*** SUPPLIED MATERIAL Section Begins ***

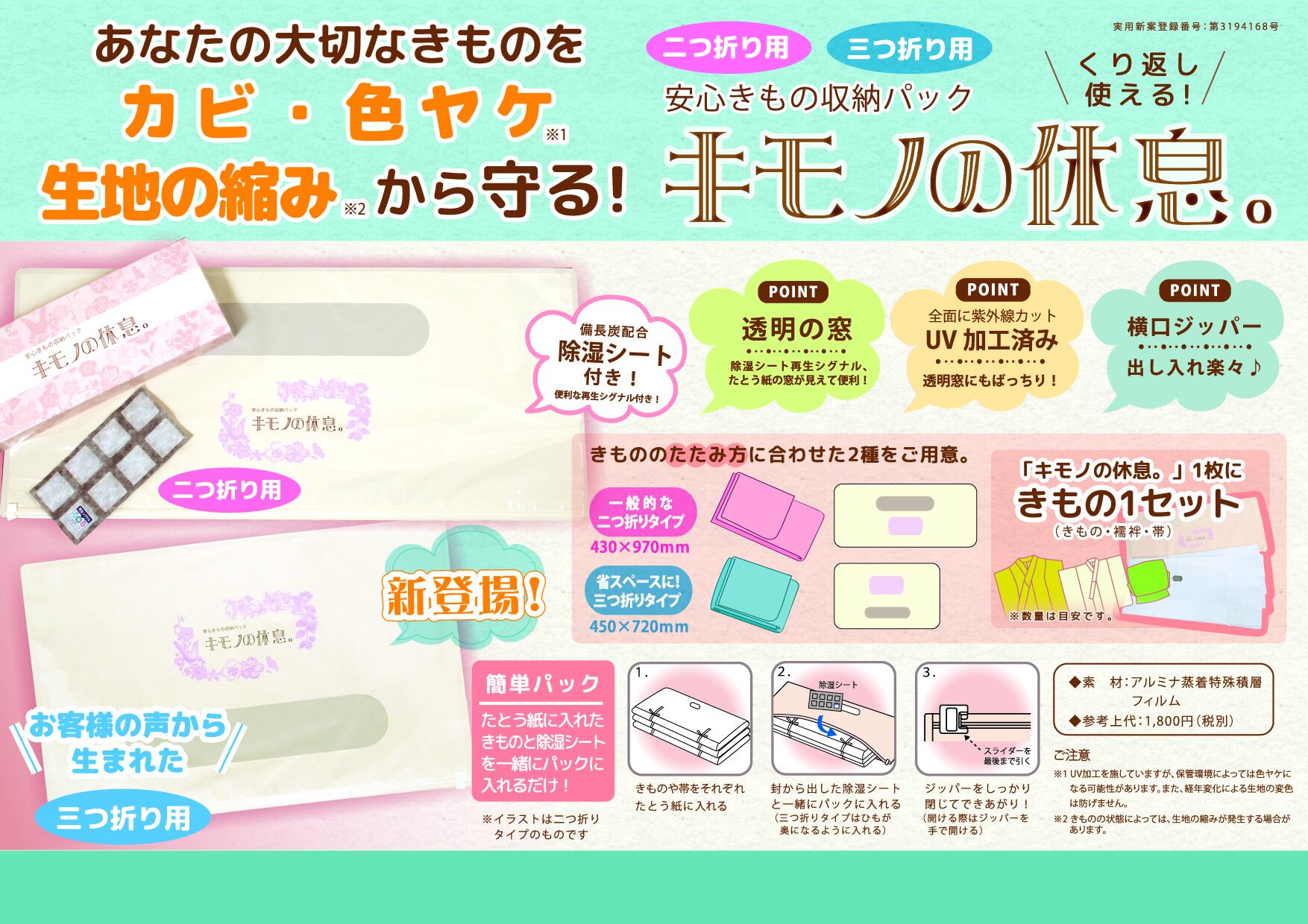 着物3枚、又は着物+長襦袢+帯、収納可能。
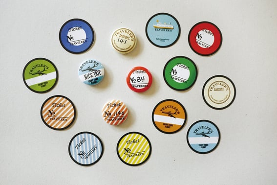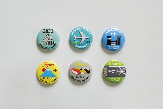 バッグや帽子、ジャケットなどに付けられるバッジタイプと、トラベラーズノートのゴムに付けられるチャームタイプ、新たに加わったマグネットタイプよりお選びいただけます。
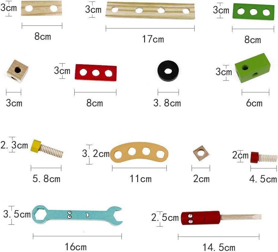 Wooden Construction Tool Kit, 28 Pieces Educational STEM Building Toy Set with Storage Box, Screws and Nuts, Red Green Yellow, for Kids 3-6 Years
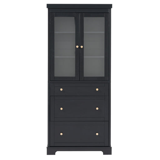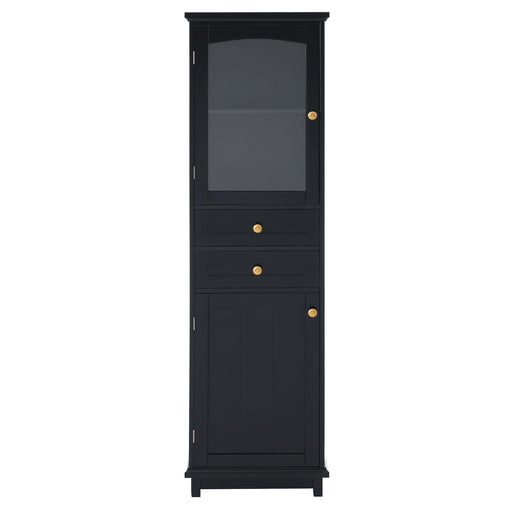 Tall Bathroom Storage Cabinet With Glass Doors, Free-Standing, Two Drawers, And Adjustable Shelves, MDF Board, Painted Perfect For Displaying Your Favorite Items
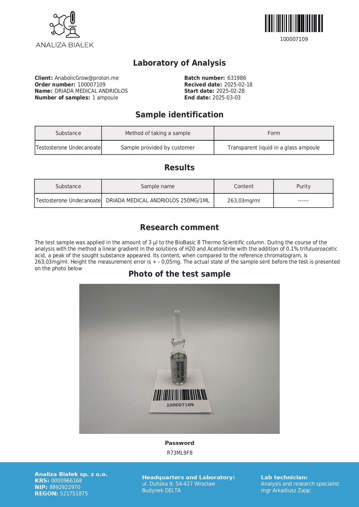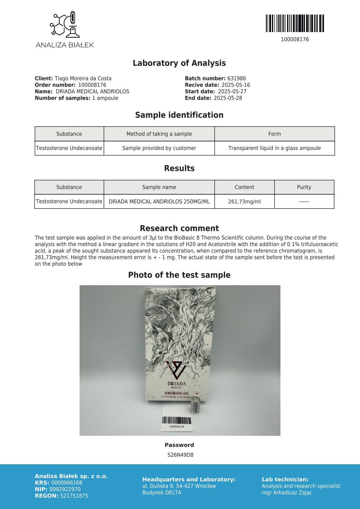 Andriolos 250 mg/ml (Testosterone Undecanoato) 10ml vial
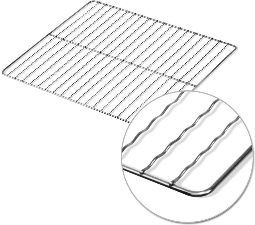 Półka do wędzarni UW - 150 Profesjonalny ruszt do wędzarni wykonany z drutu nierdzewnego. Ruszt doskonale nadaje się do wędzenia ryb, kiełbas czy serów. Zaletą półek jest to, że nie stwarza ryzyka, że żywność zerwie się lub spadnie podczas wędzenia. Parametry techniczne: materiał - stal kwasoodporna szerokość - 480mm wysokość - 400mm poprzeczka φ (fi) - 3mm rama φ (fi) - 4mm waga - 0,6kg
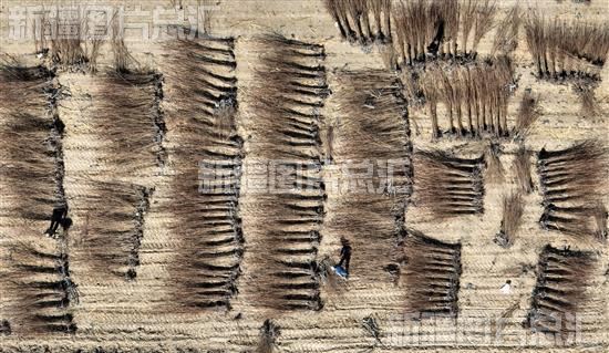 2023年3月10日,焉耆回族自治县七个星镇老城村一组农民在采挖杏树苗并打包(无人机拍摄)。

*** SUPPLIED MATERIAL Section Ends ***

What is needed is the exact run of lines from the start of the data through the line with "Tall Bathroom Storage", both ends included, minus the pictures.

 着物3枚、又は着物+長襦袢+帯、収納可能。
 バッグや帽子、ジャケットなどに付けられるバッジタイプと、トラベラーズノートのゴムに付けられるチャームタイプ、新たに加わったマグネットタイプよりお選びいただけます。
 Wooden Construction Tool Kit, 28 Pieces Educational STEM Building Toy Set with Storage Box, Screws and Nuts, Red Green Yellow, for Kids 3-6 Years
 Tall Bathroom Storage Cabinet With Glass Doors, Free-Standing, Two Drawers, And Adjustable Shelves, MDF Board, Painted Perfect For Displaying Your Favorite Items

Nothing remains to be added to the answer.